ECLI:NL:RBOBR:2014:2310

Rechtbank Oost-Brabant

Datum uitspraak
28 maart 2014
Publicatiedatum
30 april 2014
Zaaknummer
C/01/274512 / JE RK 14/184MZ14
Instantie
Rechtbank Oost-Brabant
Type
Uitspraak
Rechtsgebied
Civiel recht; Personen- en familierecht
Procedures
  • Op tegenspraak
Rechters
Vindplaatsen
  • Rechtspraak.nl
AI samenvatting door LexboostAutomatisch gegenereerd

Afwijzing verzoek om machtiging tot plaatsing in gesloten jeugdzorg voor minderjarige

In deze zaak heeft de kinderrechter van de Rechtbank Oost-Brabant op 28 maart 2014 uitspraak gedaan in een verzoek om een machtiging tot plaatsing van een minderjarige in een gesloten jeugdzorginstelling. Het verzoek was ingediend door de William Schrikker Stichting Jeugdbescherming en Reclassering, namens Bureau Jeugdzorg Noord-Brabant, en was gericht op de plaatsing van de minderjarige, die onder voogdij staat, in een 24-uurs gesloten accommodatie. De kinderrechter heeft het verzoek afgewezen op basis van een gebrek aan een voldoende instemmingsverklaring van een gedragswetenschapper, zoals vereist door de Wet op de Jeugdzorg.

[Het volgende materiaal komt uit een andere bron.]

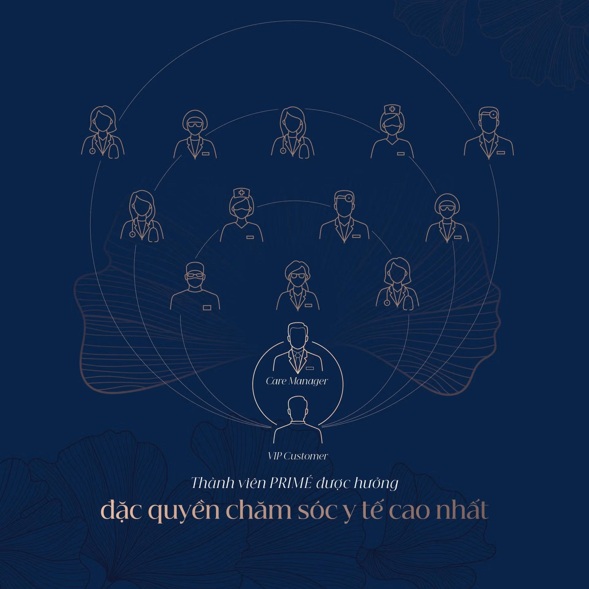 Mỗi khách hàng VinCare PRIMÉ sẽ được chăm sóc chuyên biệt bởi một Bác sĩ riêng và một Điều phối viên chăm sóc 24/7. Điều phối viên sẽ là đầu mối tiếp nhận mọi yêu cầu liên quan đến vấn đề sức khỏe và sắp xếp với đội ngũ chuyên môn, vận hành... để phục vụ thuận tiện nhất theo mong muốn của khách hàng trong thời gian nhanh nhất.

De minderjarige, die een problematische voorgeschiedenis heeft en al op verschillende locaties heeft gewoond, werd als belanghebbende aangemerkt. Tijdens de zittingen op 17 en 27 maart 2014 zijn zowel de stichting als de minderjarige, bijgestaan door zijn advocaat, gehoord. De ouders van de minderjarige waren niet verschenen, ondanks behoorlijke oproeping. De kinderrechter heeft vastgesteld dat de instemmingsverklaring van de gedragswetenschapper niet voldeed aan de wettelijke eisen, omdat deze niet voldoende onderbouwd was en niet duidelijk maakte waarom gesloten plaatsing noodzakelijk was.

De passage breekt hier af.